Operation Doom Discography-2006-2017: The Good, The Meh, and The Almost Classic

Operation Doom Discography-2006-2017: The Good, The Meh, and The Almost Classic

by Dan-O

 

The Good:

JJ Doom- I knew this album wasn’t for me early in the listening experience. The production style doesn’t fit.  It is very post-Gorillaz (Damon Albarn guests along with Beth Gibbons from Portishead) in its cold robotic bass burbles. Jneiro Jarel is very good at his sound. You can play the wordless Viberian Sun pt. II and understand the value of talent on display. Doom more than matches it. The disjointed nature of the beats just puts him a little off. He knows the pocket of any soul sample better than he does this. All that being said he still rises to the occasion: he starts the last song (Wash Your Hands) with ” Ooh, she got a cool body, damn she got a cool body/What I’m a tell you what to do with your hands for?/Much less your dirty @$$ shoes on the dancefloor?” This is full on grouchy doom warning you about the dangers of drinking tap water and giving you odd takes on gender(“There they go feminizing men again/Then pretend they don’t know when we know it, xenoestrogen.” From GMO). If you enjoy Doom you should listen to it and you might like it more than I do if you are into a more slick alternative version of hip hop production.

The Meh:

NehruvianDoom-I was very excited to hear this collaboration. I am a fan of Nehru and would say he’s an underrated talent. Doom handles the production on all but one track so we are back in that soulful comfort zone. Bishop is a top notch rapper but his lack of theme gives the lyrics presented here a freestyle feel. To put it bluntly: he ain’t Doom. Any project that says DOOM and doesn’t feature enough verses from Doom isn’t great. This one isn’t great. The whole album is surprisingly sleepy and ultimately unimportant. While Jneiro Jarel has (what I would view as) talent oppositional to Doom’s Nehru and Doom make each other boring somehow.

The Almost Classic.

Every truly great rap artist with a reasonably sized career has an almost classic. Jay has Vol. 1, 2pac has his first album 2pacalypse Now, Pete Rock & CL Smooth have The Main Ingredient (the single best example of an almost classic). Definition: everything is right except something which is very wrong. You need to own Born Like This so you can hear J Dilla & Doom collaborate for two of the most gripping moments in the history of music. Gazzilliion Ear  & Lightworks are deadly serious as the master mad scientists push one another: the beat twists and Doom adjusts. It’s not just Dilla, Absolutely is the crackling warm minimal vinyl Madlib groove at its finest. Jake One gives the biggest and best of his boom bap on the one minute and thirty second Ballskin where Doom burns the whole world down with his bars. The guests give the best of themselves and honestly I think Impress Stahhr Tha Femcee(Still Dope) outdoes Ghostface, Raekwon, Slug and anyone else not named DOOM.

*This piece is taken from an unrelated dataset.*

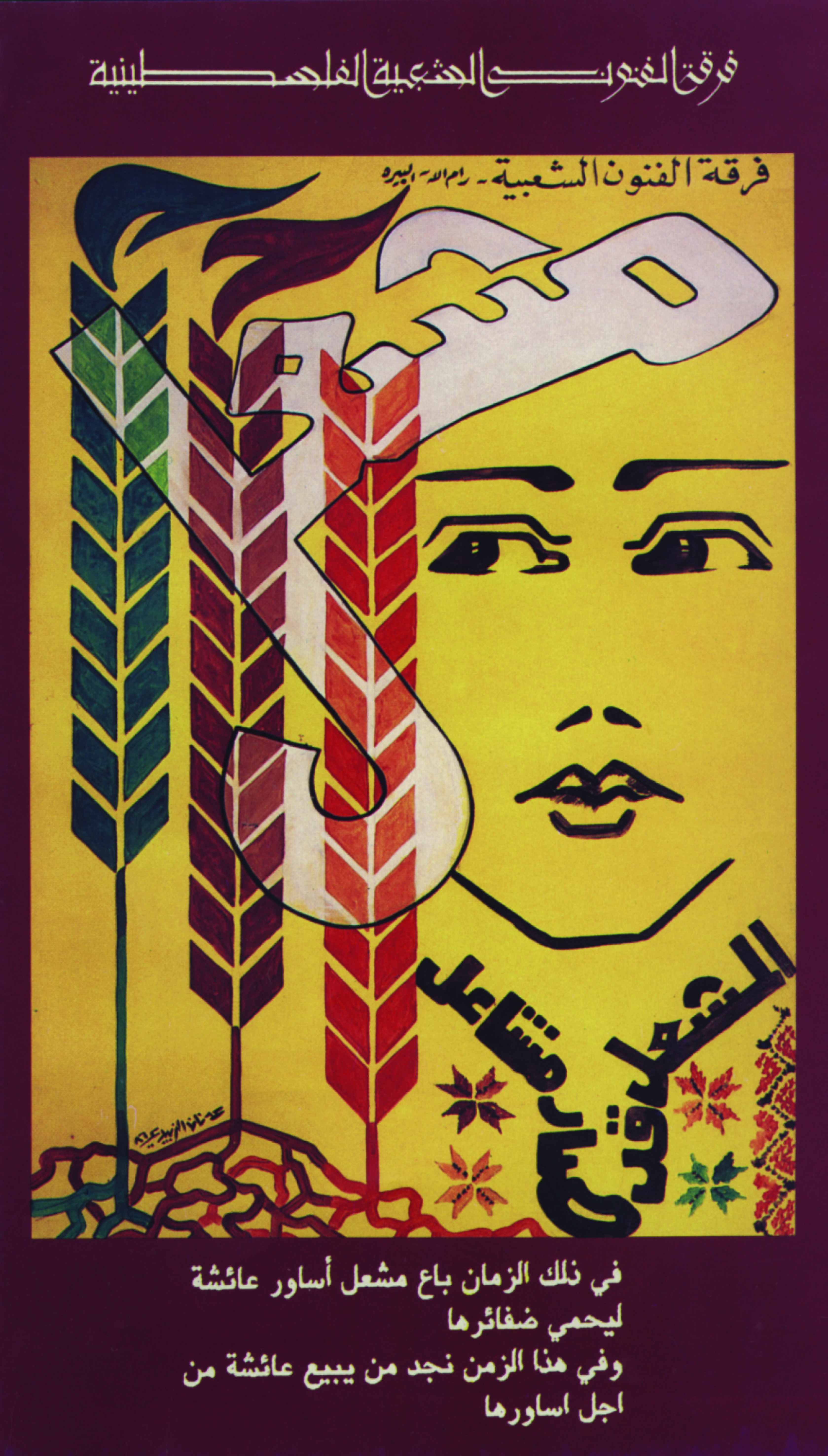 ملصق ملون، بعنوان "مشعل" من انتاج فرقة الفنون الشعبية الفلسطينية.

The problem is the horribly wrong minded skit Batty Boyz which is unflinchingly homophobic and I just realized that I have a strange British version of the album which follows Batty Boyz with a doubling down on homophobia and transphobia. A song called Costume Foolery which is cut out of the US retail version but tucks in right behind Batty Boyz on my version. It really reaffirms that the skit wasn’t a fluke and Doom has problems with this subject, making a terrible gay voice and clowning man purses. I am of two minds on this: I don’t want to support anyone who makes it harder for oppressed communities or discriminates against any community but I also adore free speech. I don’t really believe in shutting down inappropriate conversation (I am not listening to Nazi rock bands do not take me to extremes). Doom starts the song CELLZ with a reading of Charles Bukowski’s Born Like This poem which gives this album it’s title. I think it is valuable to hear Bukowski read this in the context of Doom. The poem is about the mutating “sourful deadliness” that comes from a lack of good in the world or as Bukowski puts it an “unresponsive god.” The sharp edges of Doom stab us from that very place. Doom is not a villain for fun he is a response to deep scarring we should explore with him in all its ugliness. I’m sure he wouldn’t blame me for letting that ugliness dock points from the overall experience.